Slyudin immediately went out on to the verandah, and she sat down by her husband.
‘You are not looking quite well,’ she said.
‘No,’ he replied, ‘the doctor came to see me this morning and robbed me of an hour. I feel that some friend of mine must have sent him: my health is so precious …’
‘Yes, but what did he say?’
She questioned him about his health and his work, persuading him to take a rest and to move out to her in the country.
She said all this lightly, rapidly, and with peculiarly sparkling eyes; but Karenin did not now attach any importance to this tone of hers. He only heard her words, and gave them only their direct meaning. And he answered simply, though jokingly. In all this conversation nothing particular passed, but never afterwards could Anna recall this short scene without being tormented by shame.
Serezha came in, preceded by his governess. Had Karenin allowed himself to observe, he would have noticed the timid, confused look which the child cast first at his father and then at his mother. But he did not want to see, and did not see, anything.
‘Ah, young man! He has grown. He is really getting quite a man. How do you do, young man?’
And he held out his hand to the frightened boy.

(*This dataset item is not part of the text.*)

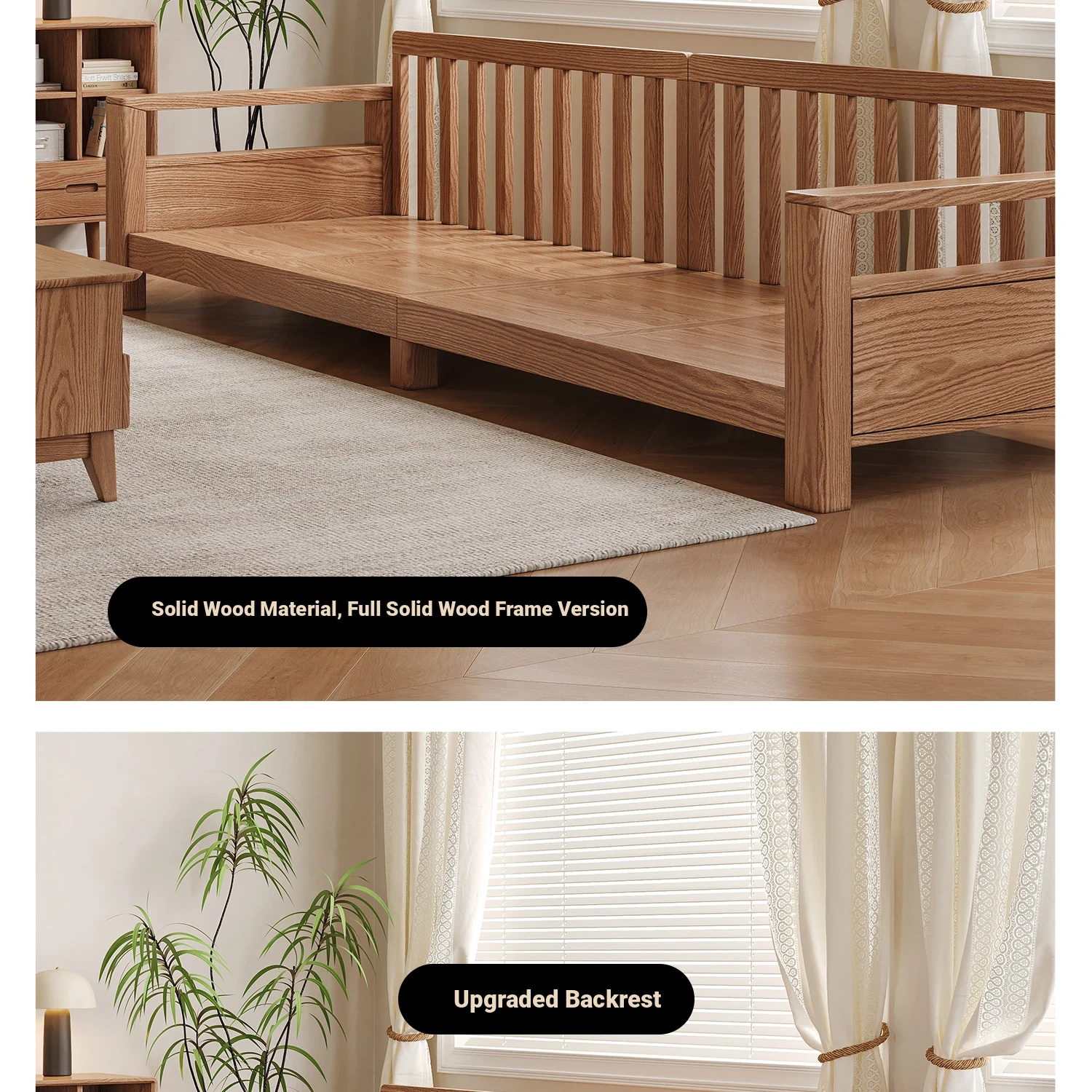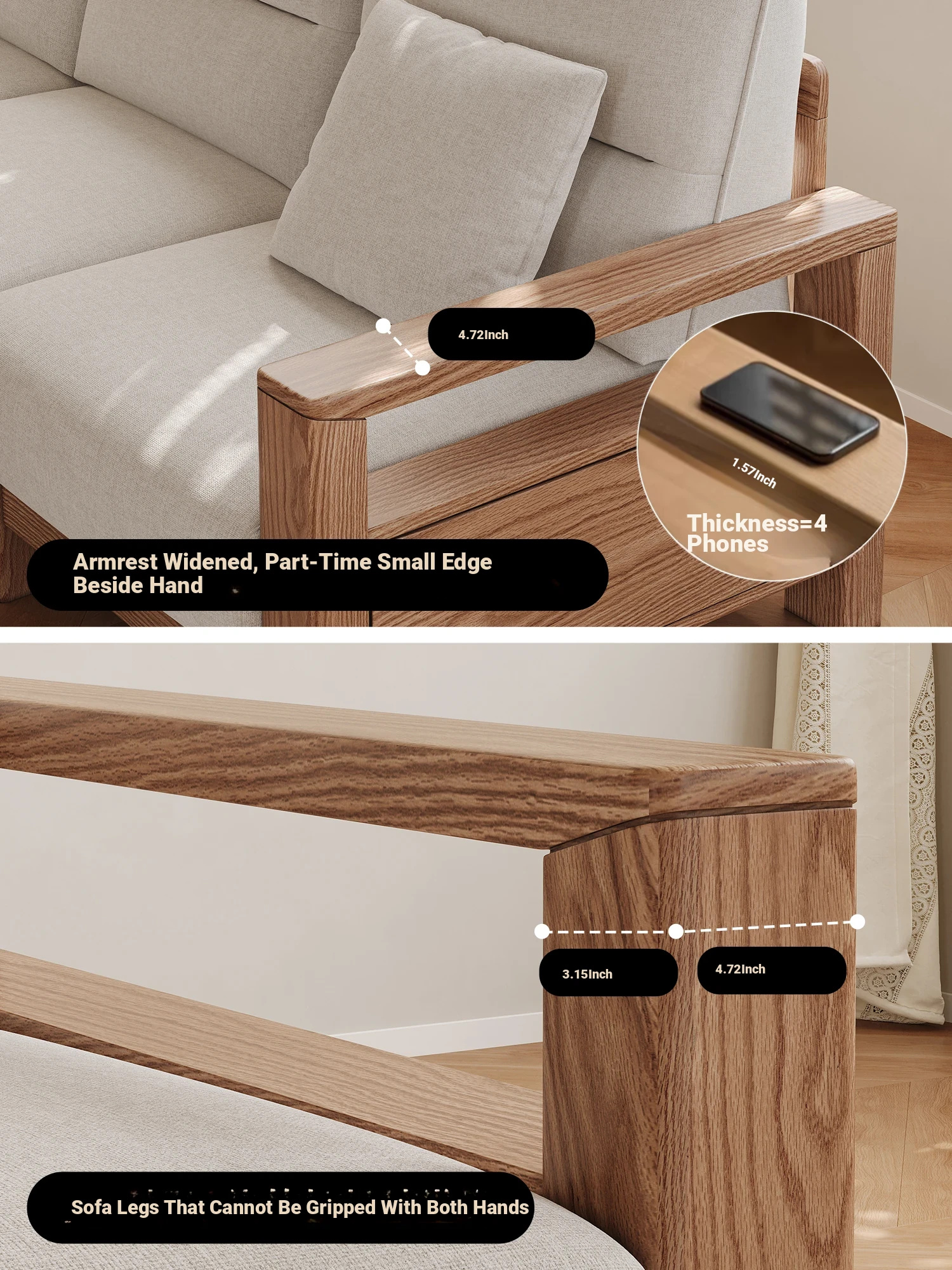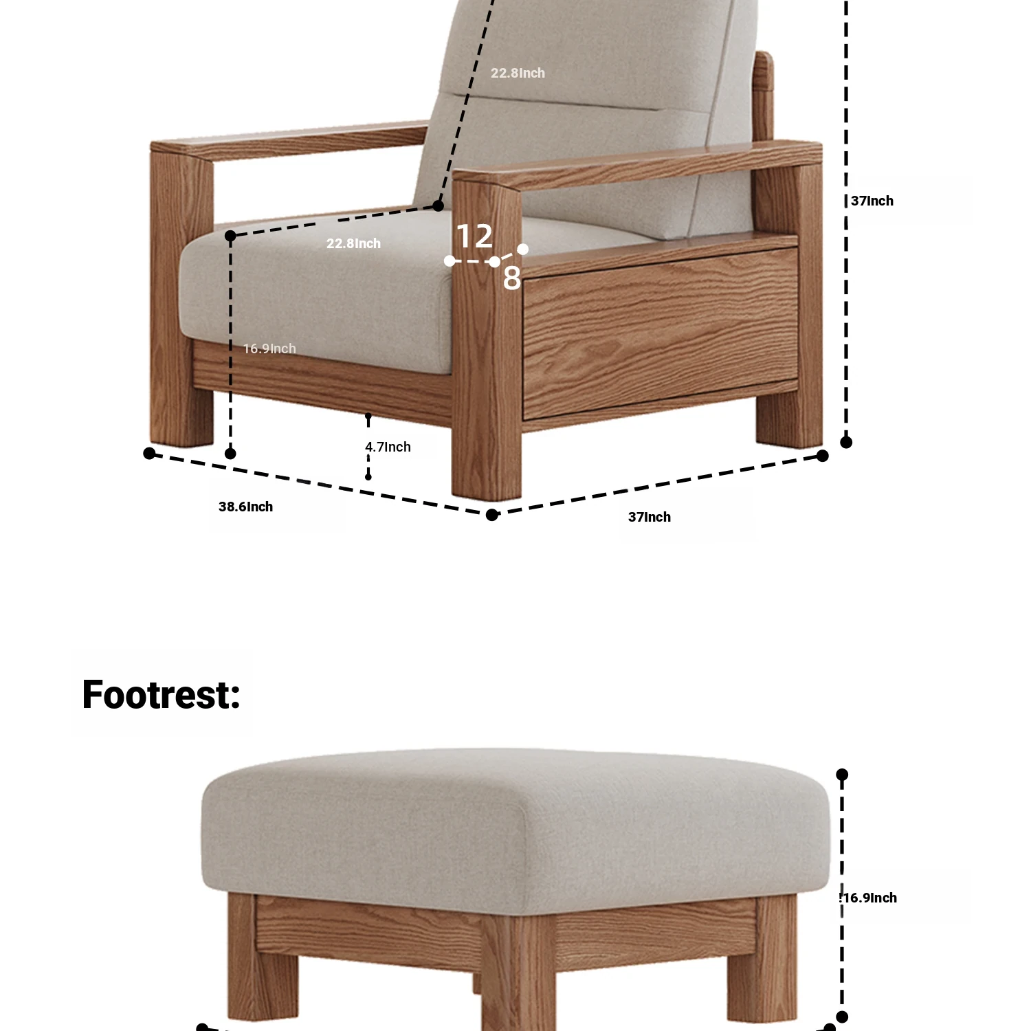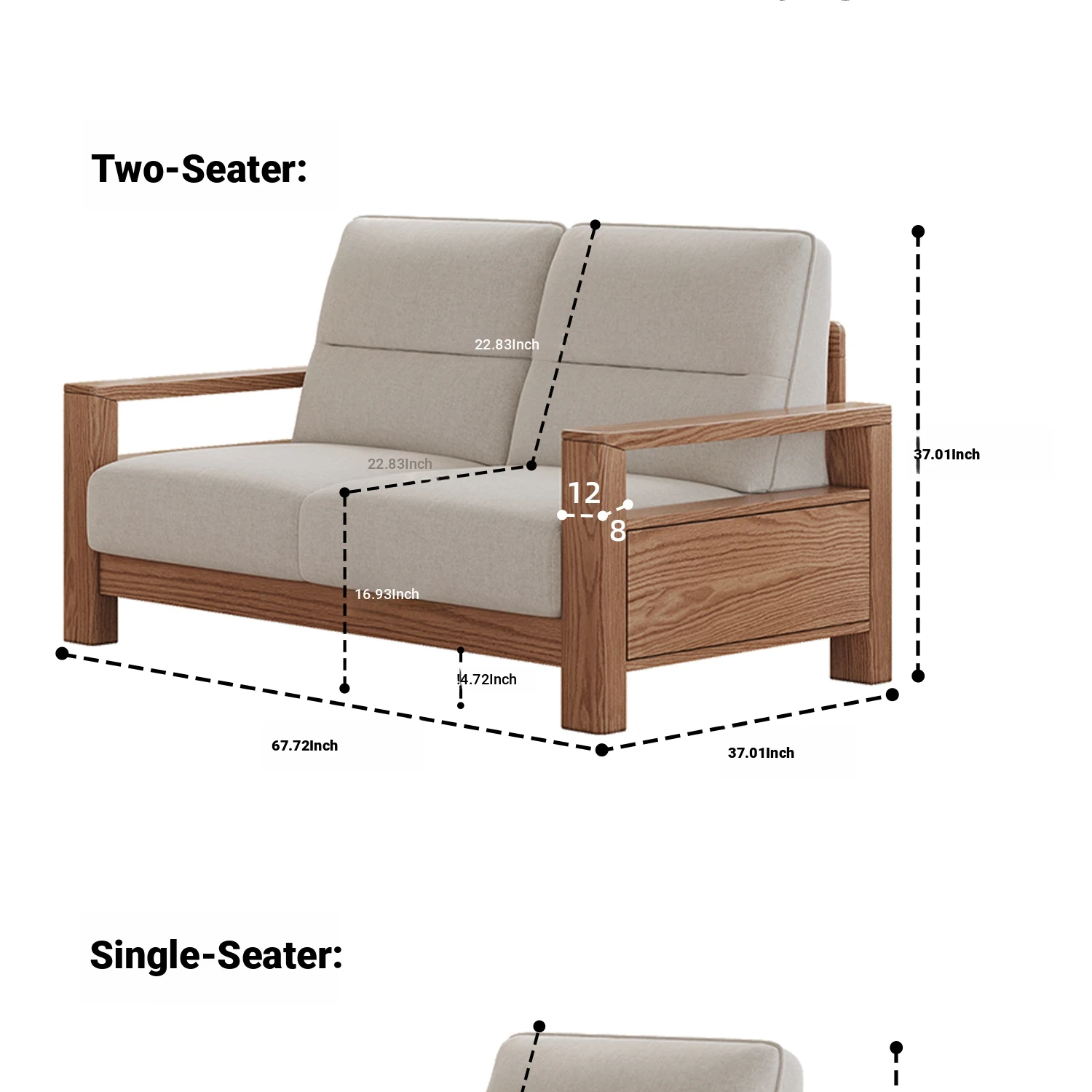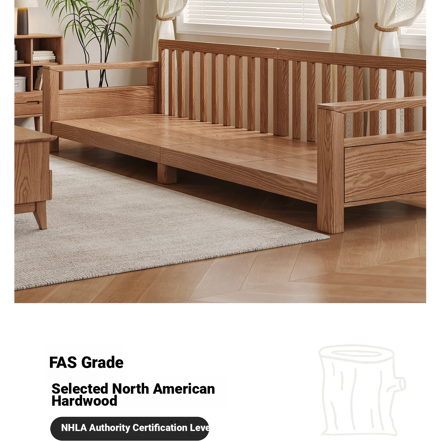 Solid Wood Sofa - New Chinese Style Ash Wood Fabric Sofa for Modern Minimalist Nordic Large Living Room - Natural Wood Furniture

Serezha, who had always been timid with his father, now that the latter addressed him as ‘young man’, and that the question whether Vronsky was a friend or a foe had entered his head, shrank from him. He looked round at his mother, as if asking for protection. Only with his mother he felt at ease. Karenin meanwhile talked to the governess with his hand on his son’s shoulder, and Serezha felt so extremely uncomfortable that Anna saw he was about to cry.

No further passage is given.